Thank you very much. Very helpful!

So can the LEDs only be used with pins 2 & pin 5?

Those are the pins which drive, respectively, the A0/D0 and A1/D1 pins on the impExplorer board. So hardware.pin2 and hardware.pin5 are the imp API objects you use to control any Grove LED modules you plug into the impExplorer’s Analog/Digital connectors.

If you are not using I2C devices, you could plug an LED module into either of the impExplorer’s two Grove I2C connectors, in which case you’d control the LED with hardware.pin8, since the imp’s pin 8 is wired to the two I2C connectors’ SCL ports.

As mlseim says, the impExplorer doesn’t expose the imp001’s pins directly. For example, pin 7 is used to drive the RGB LED, and you can only use pin 7 for that purpose. Pin 1 is used solely for controlling the impExplorer’s power gate and as the interrupt signal line from the three sensors. You can’t use it as a general GPIO pin because, like pin 7, it’s not exposed as a pin on the board. Check out the board schematics via the link in my previous post.

If you want access to all of the imp001’s pins, you need April, our standard imp001 dev board, or one of the various imp module breakout boards (full details here — these have a lot more GPIO too).

1 Like

Okay, thank you a lot. While you’re hear.
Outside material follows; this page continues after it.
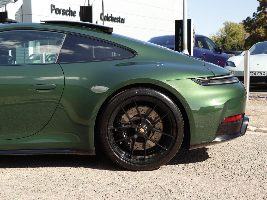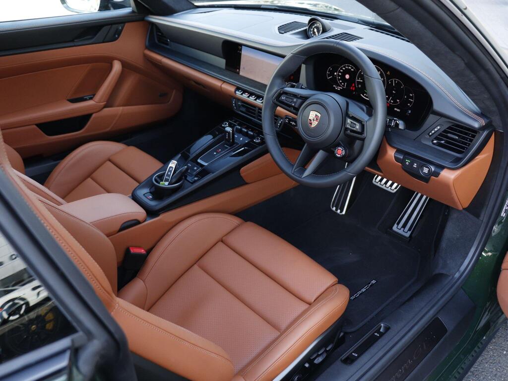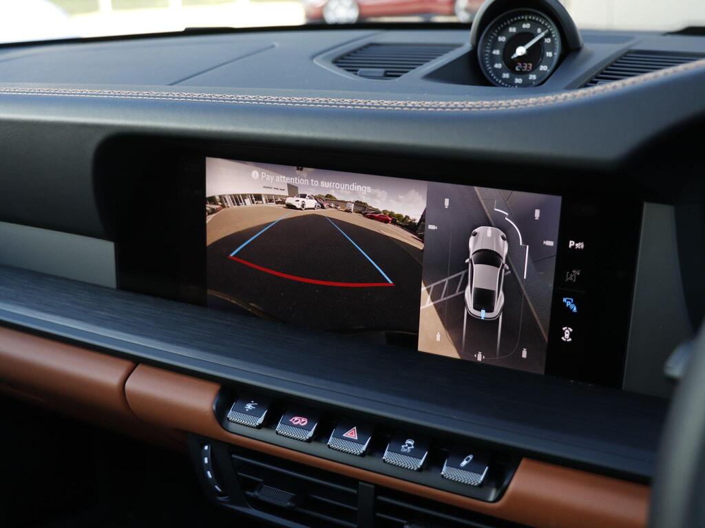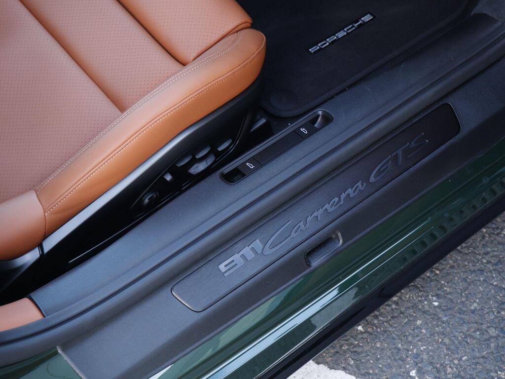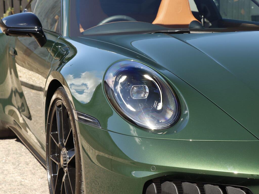 Porsche 911 3.6 Hybrid 992 Carrera GTS Panoramic Sunroof на 20-дюймовых передних и 21-дюймовых задних легкосплавных дисках - Carrera GTS, тормозные суппорты - черные глянцевые, система кругового обзора с активной поддержкой парковки, светодиодные фонари освещения дверей с логотипом Porsche, система помощи при смене полосы движения, подогрев спортивного рулевого колеса GT, адаптивные спортивные сиденья Plus - электрорегулировка в 18 направлениях с пакетом памяти.

Do you happen to know if I can control the brightness of the LED with this rotary angle sensor?

I suppose you could connect the angle sensor to A1/D1 and set pin 5 as an analog input to get a reading between 0 and 65535. If you connect the LED to A0/D0 and set pin 2 as a PWM output with the duty cycle set by dividing the pin 5 reading by 65535 (to get a value in the range 0.0 - 1.0). Your code would be something like:

// Set the power gate for analog/digital operation
hardware.pin1.configure(DIGITAL_OUT, 1);

// Set up the pins
sensor <- hardware.pin2;
sensor.configure(ANALOG_IN);
led <- hardware.pin5;
led.configure(PWM_OUT, 0.001, 1.0);

function loop() {
    // Read analog value (0-65535)
    local a = sensor.read();
    // Convert to duty cycle value 0.0-1.0
    a = a / 65535.0;
    // Write to LED pin
    led.write(a);
    // Pause 0.5s then loop
    imp.wakeup(0.5, loop);
}

// Start the loop
loop()

Note that this code is guess-work, ie. it’s not tested or guaranteed to work!
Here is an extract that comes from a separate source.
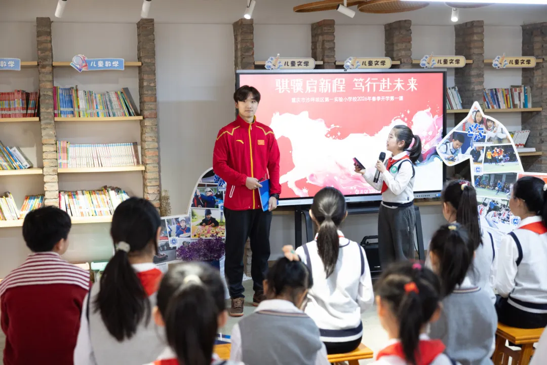 春启新程,策马奋进。3月5日上午,重庆市沙坪坝区第一实验小学校以“骐骥启新程·笃行赴未来”为主题,在学校操场隆重举行2026年春季开学典礼,全体师生齐聚一堂,特邀特警总队、全国花样滑冰男单冠军李鸾锋共同参与,在昂扬的氛围中开启新学期的逐梦之旅。

That code made a flashing LED that i could control the speed of! Not exactly what I was looking for but I really appreciate your help and effort none the less! Thanks :slight_smile:

In that case try replacing the appropriate line above with

led.configure(ANALOG_OUT);

You actually already have an LED. The RGB LED. You can make it any color, any brightness by sending R,G,B values to it. Read the rotary sensor and write values to the RGB LED. You can add more RGB LED’s too, in a chain and address them individually. The same thing as the Imp tail (RGB tail).